Today’s distance 32 km
Elevation gain 425 m
Elevation loss 385 m
Total distance from Almería 977 km
We leave this charming walled city via the Roman bridge, meeting up with Aurelio along the way. 2.5 km from the city centre we reach a quiet country lane and at 5 km it changes to a gravel track. We are walking between vast fields of cattle, black to one side of the track and tan and white on the other. We remain on this track until we reach the village of Gallegos de Argañan where we stop for a drink.
There is significant cloud cover today, and the air feels humid. Although it isn’t sunny, it is quite warm.
On leaving Gallegos we are on asphalt until 23.5 km where we stop in the village of La Alameda de Gardón and we find a plaza with benches where we eat lunch from our supplies.
Up to this point this stage has been the least interesting and least beautiful of the Torres thus far, but during the last quarter of our walk both the track and scenery improve with narrow paths and heavily wooded hillsides.

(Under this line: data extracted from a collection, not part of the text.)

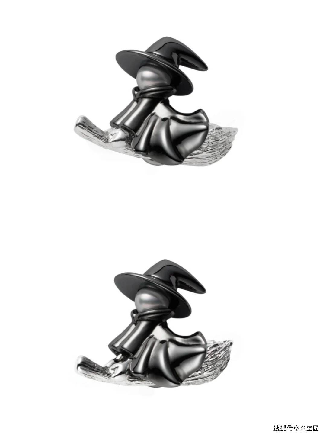 这款 “飞天女巫” 胸针,更是将万圣节的灵动趣味藏进了珠宝细节里。造型定格女巫骑着扫帚腾空的瞬间,衣摆弧度、扫帚纹理都用细腻金工勾勒,生动活泼。
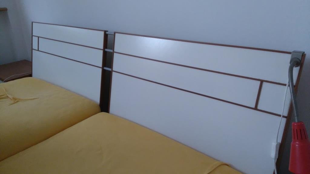 Predávam kompletnú spálňovú zostavu: posteľ (na rošt 2x90 cm, rozmery 180x200 cm), veľkú skriňu (šírka 2,5 m, výška 2,15 m), komoda (5 šuflíkov, hĺbka 40 cm), dva nočné stolíky. Cena: 200 eur
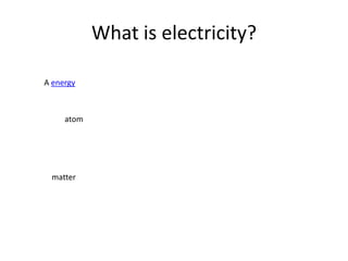 Electricity is a form of energy that is measured in amps and can be generated from sources like lightning, the sun, and movement of matter. However, the document contains many incorrect or irrelevant terms and sections.
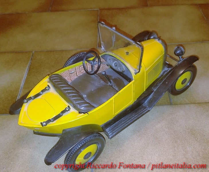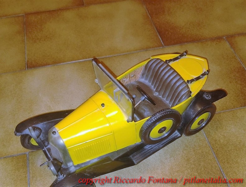 Aveva un corpo vettura e dei cerchi in latta verniciata proprio come i Jouets Citroën, ma contrariamente a questi ultimi aveva i parafanghi e molti dettagli in plastica: i decenni, d’altronde, non trascorrono mai invano…
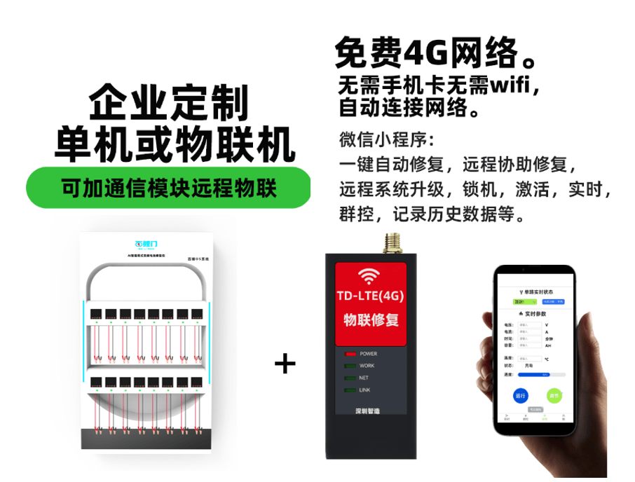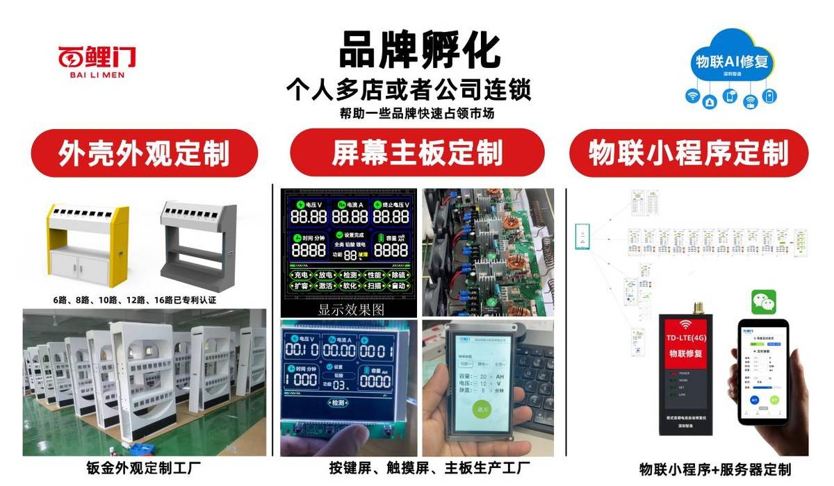 更具革命性的是,在2024 年技术方案中,百鲤门是行业第一个率先将单机修复机升级为物联网智能机,通过自主研发的百鲤 OS 系统软件,实现了 "小程序 + 电池自动修复 + 远程操控" 的智能闭环。这套系统改变了传统单机的执行方式,所有操作指令都在云端服务器上运行,创业者可通过手机、平板等设备随时随地进行远程操控。这种 "大数据云端修复" 模式,将原本需要专业技师才能完成的复杂操作,简化为一键式自动修复,极大降低了技术门槛。
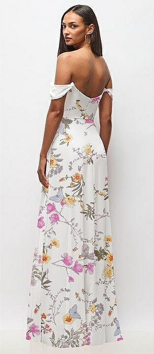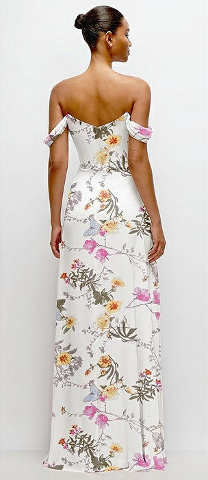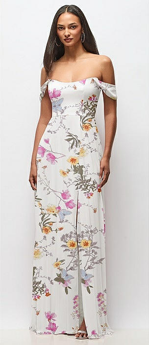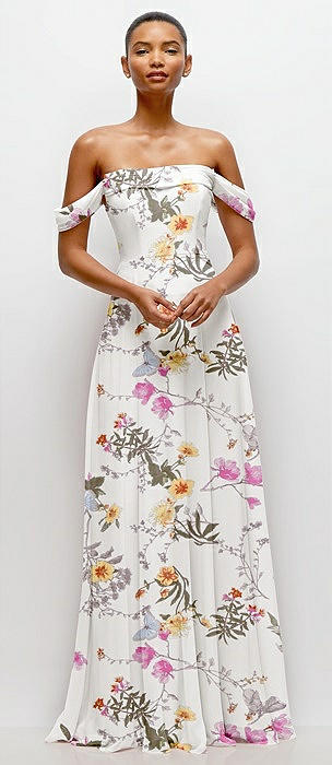 Off-the-Shoulder Draped Neckline Maxi Dress in butterfly botanica ivory
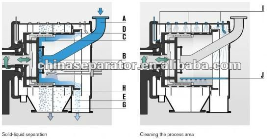 Afterwards, the cake is continuously discharged out of the basket. The effective washing can be carried out in the centrifuge in case of requirement of high purity of the solid product. The washing liquid and the mother-liquor can be discharged separately if necessary.
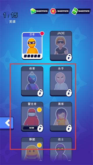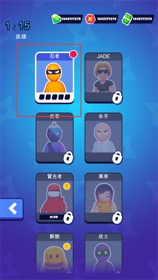 2、在英雄界面選擇已解鎖的【忍者】角色,該角色可用于關卡中的潛行與戰斗。

We then passed over a cattle grid and as might be expected found ourselves in a field full of cattle, large ones, and baby ones and big daddy bull ones. Once again Aurelio and I positioned ourselves either side of Marilyn , and even with our protection she was very anxious. But soon enough we were exiting over another cattle grid. Personally I find the cattle grids more frightening than the cattle!
Finally we find ourselves walking alongside a river and have to cross a very long field of very long grass. This is quite slow-going as it is necessary to lift our feet quite high to make our way through the field, and it is also quite hard work! And it also fills our shoes and socks with grass seeds which are the devil to remove!
At 30 km we arrive at the village of Castillejo de Dos Casas and now have only a further 2 km to our destination. But this includes a rather tricky manoeuvre on some granite block stepping stones over a river. I do my usual trick of letting the others go first whilst I video their antics. Aurelio makes it across safely but not so Marilyn. She has relatively short legs and the stones are spaced far apart and as her foot rests on a smaller stone, it wobbles and throws her off balance (easily done when carrying a big pack) and she lands with both feet in the fairly shallow water. As her shoes are now soaked she takes the easier route through the water to the other side. Then it’s my turn to try my luck and it really isn’t that easy, but I manage to maintain my balance and make to the other side with dry feet.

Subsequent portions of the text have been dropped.